Всё это крутилось в моей голове, пока я передвигался в потоке машин по направлению к офису. Когда размышления привели меня к необходимости попробовать таблетки, я обнаружил себя уже на набережной Обводного канала, недалеко от бизнесцентра, в котором располагался «Холод Плюс».
Я усмехнулся. Прощай, контора! И, вместо того чтобы свернуть с набережной направо, к бизнесцентру, я перестроился в левый ряд, переехал Обводный канал по мостику и рванул по другой стороне к морю.
Дорога была свободна. Пробка стояла в обратную сторону, из порта в город. Я быстро домчался до Канонерского острова и въехал в тоннель.
Это один из самых мрачных и страшных тоннелей на всём белом свете, в этом я уверен. Тоннель Канонерского острова длинный, плохо освещённый, непроветриваемый, а потому заполненный выхлопными газами.

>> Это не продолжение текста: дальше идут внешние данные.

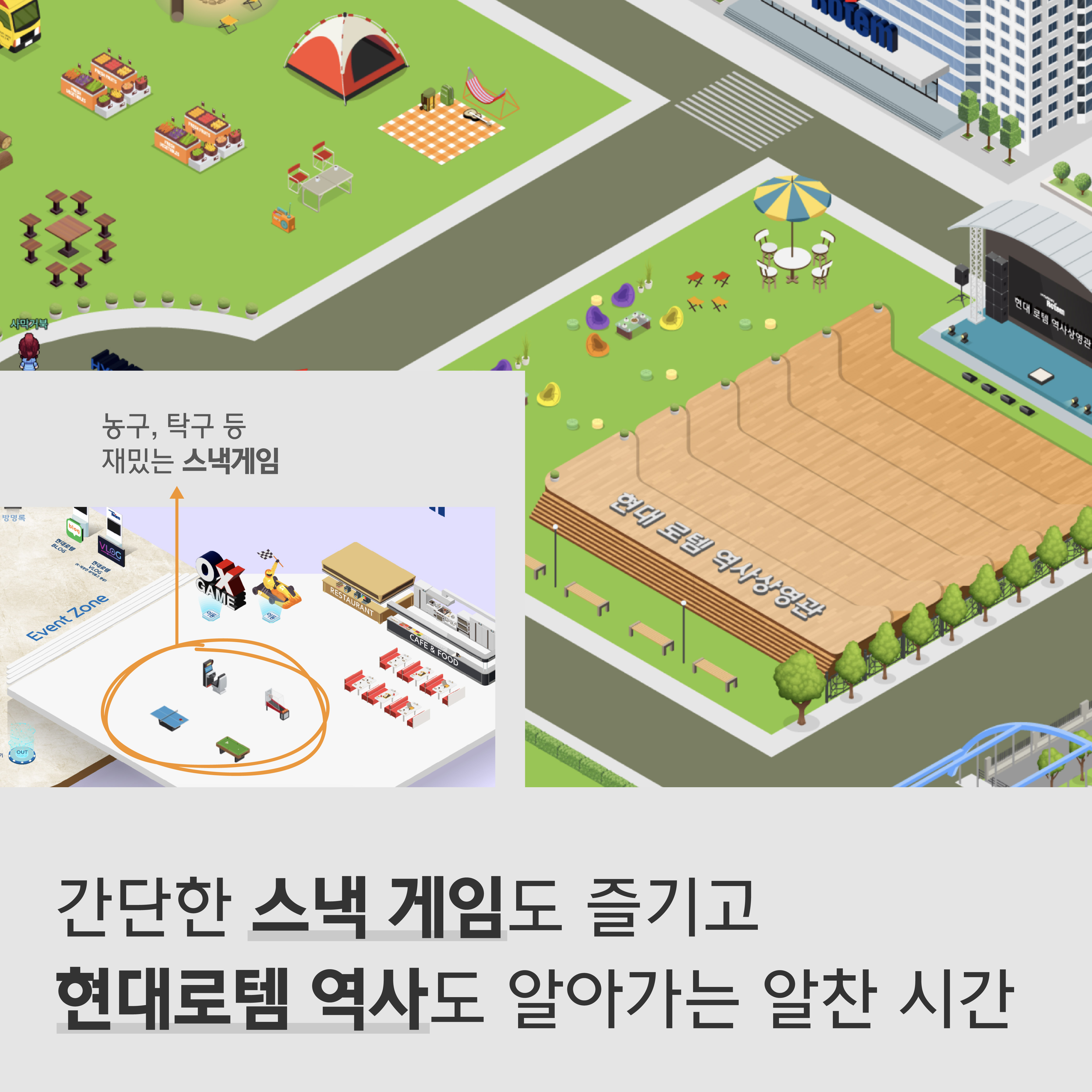 다음 이벤트 존으로 이동해 볼까요. 해당 존은 레스토랑, 카페 등 아기자기하게 꾸며져 있는 공간이에요. 한쪽에는 탁구, 농구 등 재밌는 스낵 게임들이 마련돼 있는데요. 머리도 식힐 겸 가볍게 게임 한 판 하고 가세요. 참고로 OX게임과 레이싱 게임은 전사 교육이나 행사 시에 만나볼 수 있답니다.

Я вспомнил, как несколько лет назад шёл по этому тоннелю пешком. Мне было нужно попасть в Санкт-Петербургскую таможню, заверить платежи или подтвердить сертификат происхождения, я уже не помню. Это было ещё до моего поступления на службу в «Холод Плюс». Я подрабатывал декларированием грузов.
Мне нужно было в таможню, а на автобус я не попал, или автобуса не было, в общем, я шёл пешком от самого Балтийского вокзала до Канонерского острова и зашёл в тоннель. Мне кажется, я был одним из немногих людей, которые прошли этот тоннель пешком.

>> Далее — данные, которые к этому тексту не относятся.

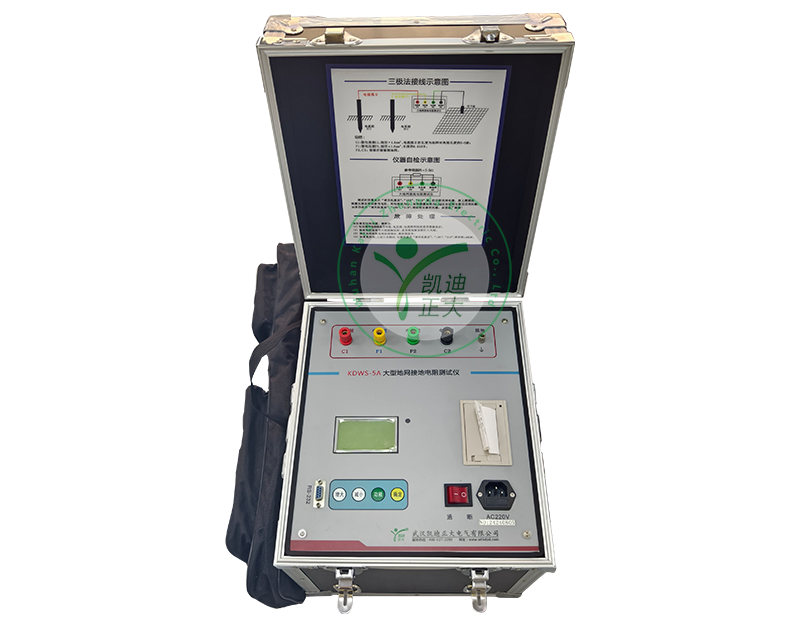 KDWS-5A型大型地网接地电阻测试仪,可测变电站地网(4Ω)、水火电厂、微波站(10Ω)、避雷针(10Ω)多用机型,采用了新型变频交流电源,并采用了微机处理控制和信号处理等措施,很好的解决了测试过程中的抗干扰问题,简化了试验操作过程,提高了测试结果的精度和准确性,大大降低了试验人员的劳动强度和试验成本。

Я жался к стене, как тень усопшего в Аиде, мимо проносились грузовики, оглушая меня рёвом дизелей. Дышать было трудно, от выхлопов мутило и кружилась голова. Я шёл и шёл, еле передвигая ноги. Казалось, этому не будет конца. Может, я уже умер. «Это всё. И это будет вечно», – из Николая Гумилёва, но тогда я не вспоминал стихи. Я ни о чём не вспоминал, просто тупо двигался по тоннелю. И сначала даже не поверил, когда тоннель закончился и я вышел, щурясь на блёклое северное солнце, висящее в блёклом северном небе над блёклым северным морем. И этот блёклый выцветший мир показался мне таким ослепительно ярким и красочным!
Теперь я въезжал в тоннель на машине и всего через несколько минут вынырнул с другой стороны.

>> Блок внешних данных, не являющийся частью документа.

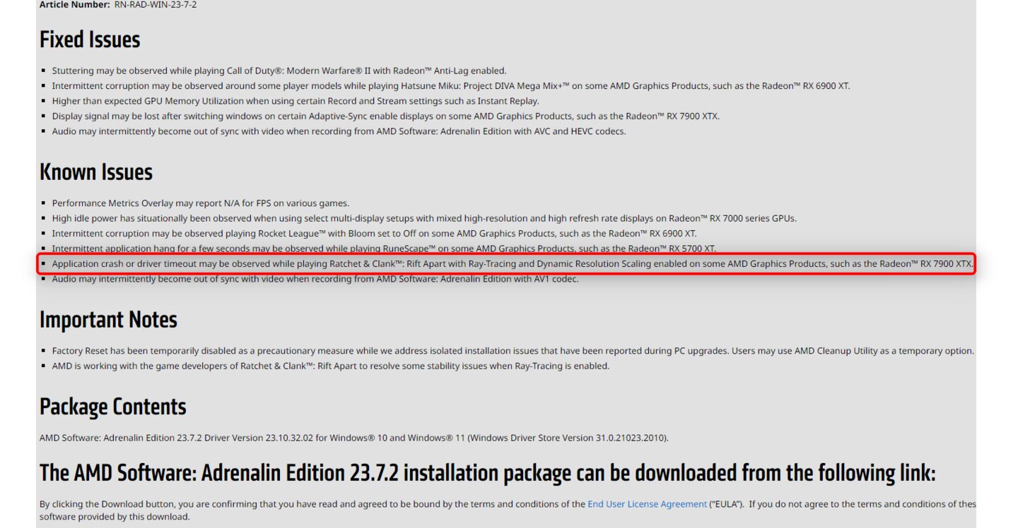 Insomniac hat bekannt gegeben, dass das Spiel zum heutigen Launch kein Ray Tracing auf AMD-Grafikkarten unterstützen wird. Der Grund dafür sind mögliche Abstürze, die im aktuellen Treiber-Changelog von AMD erwähnt werden.

«Дай мне две таблетки…»[13]
Я оставил машину на заасфальтированной площадке перед водозаборной станцией, спустился по бетонным ступенькам к морю и присел неподалёку от вялой волны на старую корягу.
Это место было мне знакомо. Здесь я, бывало, ждал, пока в каком-нибудь отделе таможни рассмотрят принесённые мной документы либо когда закончится обеденный перерыв. Здесь же обедал сам, чем бог посылал и что можно было купить в ларьке неподалёку от автобусной остановки. Это было трудное время, тоже трудное и бедное, может, даже более бедное, чем сейчас. И всё же я вспоминал о нём с ностальгией. Ведь это была молодость, как ни крути. В молодости всё, даже бедность, – всего лишь приключение. В среднем возрасте бедность – это просто бедность как она есть.